■ WHAT THE EXERCISE ASKS: From the first line to the last, print the material exactly, skipping the pictures.

■ SOURCE MATERIAL:
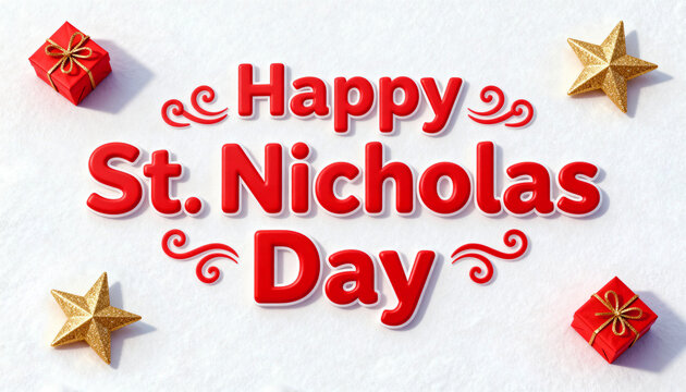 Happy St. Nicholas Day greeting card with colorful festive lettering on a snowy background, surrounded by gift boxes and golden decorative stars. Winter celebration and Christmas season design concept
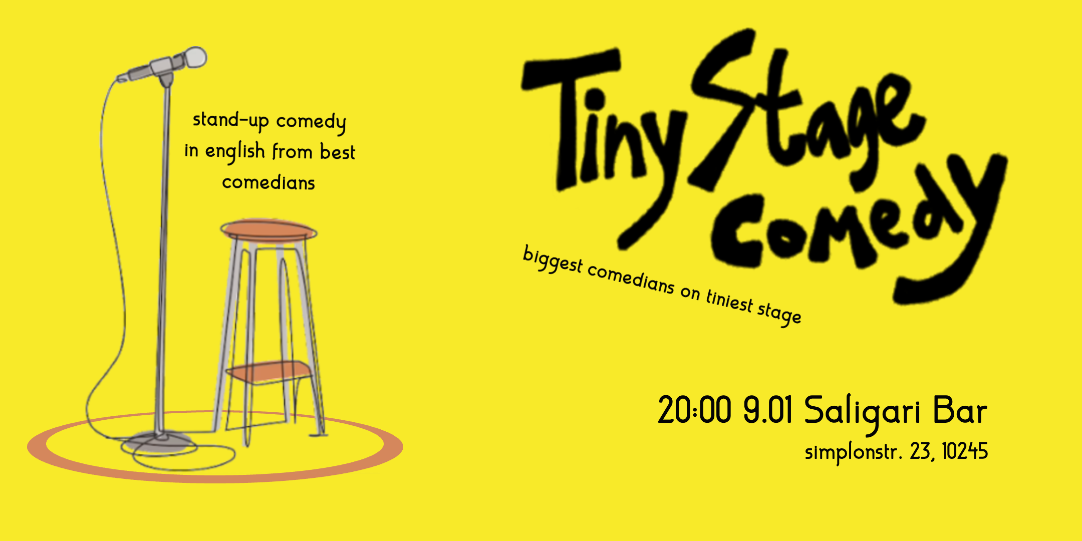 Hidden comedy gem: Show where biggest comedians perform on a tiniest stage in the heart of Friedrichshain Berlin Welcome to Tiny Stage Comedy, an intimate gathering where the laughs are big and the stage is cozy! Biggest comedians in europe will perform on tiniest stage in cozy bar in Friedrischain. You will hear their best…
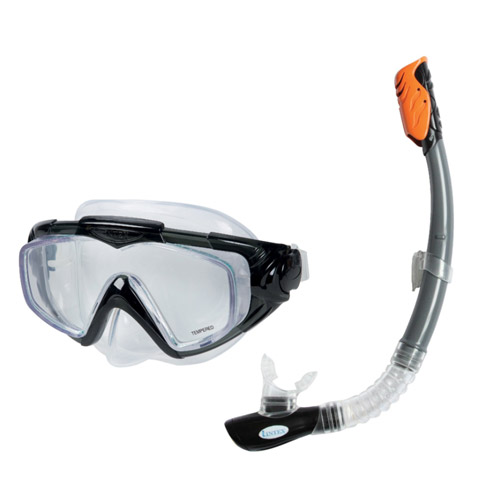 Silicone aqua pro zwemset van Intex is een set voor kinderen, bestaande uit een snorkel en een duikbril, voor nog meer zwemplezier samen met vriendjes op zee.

■ FINISHED EXERCISE:
 Happy St. Nicholas Day greeting card with colorful festive lettering on a snowy background, surrounded by gift boxes and golden decorative stars. Winter celebration and Christmas season design concept
 Hidden comedy gem: Show where biggest comedians perform on a tiniest stage in the heart of Friedrichshain Berlin Welcome to Tiny Stage Comedy, an intimate gathering where the laughs are big and the stage is cozy! Biggest comedians in europe will perform on tiniest stage in cozy bar in Friedrischain. You will hear their best…
 Silicone aqua pro zwemset van Intex is een set voor kinderen, bestaande uit een snorkel en een duikbril, voor nog meer zwemplezier samen met vriendjes op zee.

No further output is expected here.